There were 1,226 households, out of which 60.3% had children under the age of 18 living with them, 76.2% were married couples living together, 11.7% had a female householder with no husband present, and 9.4% were non-families. 7.3% of all households were made up of individuals, and 2.0% had someone living alone who was 65 years of age or older. The average household size was 3.97 and the average family size was 4.18.

In the city, the population was spread out, with 38.9% under the age of 18, 10.1% from 18 to 24, 29.5% from 25 to 44, 16.8% from 45 to 64, and 4.7% who were 65 years of age or older. The median age was 26 years. For every 100 females, there were 94.0 males. For every 100 females age 18 and over, there were 89.9 males.

The median income for a household in the city was $22,847, and the median income for a family was $24,549. Males had a median income of $27,500 versus $21,833 for females. The per capita income for the city was $11,275. About 35.6% of families and 37.9% of the population were below the poverty line, including 48.6% of those under age 18 and 20.4% of those age 65 or over.

However, over the past decade, the city lost nearly half its population as many low-income families in small homes moved out and were replaced by a smaller number of upscale residents. According to Onboard Informatics, by 2013 the median household income in Palmhurst had risen to $77,491, making it one of the wealthiest communities in South Texas. The demographics of Palmhurst have changed dramatically since 2000, as shown on the city-data.com website.

==Education==
Much of Palmhurst is served by Mission Consolidated Independent School District. The eastern portion is served by the Sharyland Independent School District.

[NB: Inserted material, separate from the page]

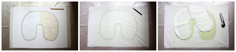 ? Cortamos con un cúter sobre la línea exterior. Tenemos un nuevo patrón de papel de seda, con una línea en discontinuo sobre la cual vamos a coser más tarde.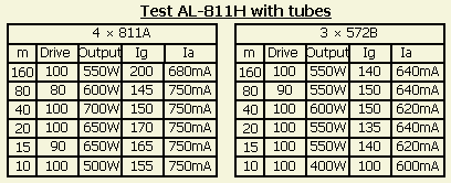 Regelmatig zijn er discussies op forums over de vraag of 811A buizen beter vervangen kunnen worden door meer robuuste 572B's. Mijn voorkeur zou ook uitgaan naar het laatste omdat ik daar meer ervaring mee heb. Daarom werd met beide types een sumiere test gedaan. Het overzicht is enigzins vertekend omdat de SWR en dus de sturing bij de 572B's minder goed was dan met de origenele buizen.

Most of the Mission CISD part is zoned to Hurla M. Midkiff Elementary School in Palmhurst, while small sections are zoned to Waitz Elementary in Alton and Escobar/Rios Elementary in an unincorporated area. Students zoned to Midkiff are zoned to R. Cantu Junior High School in Palmhurst. Students zoned to Escobar/Rios and Waitz are zoned to Alton Memorial Junior High School in Alton. Sections of Palmhurst are zoned to Mission High School and Veterans Memorial High School in Mission.

The Sharyland ISD section of Palmhurst is divided between John H. Shary Elementary School in Mission, Donna Wernecke Elementary School in McAllen, and Jessie L. Jensen Elementary School in Alton. All residents are zoned to North Junior High School in McAllen and Sharyland Pioneer High School in unincorporated Hidalgo County.

In addition, South Texas Independent School District operates magnet schools that serve the community.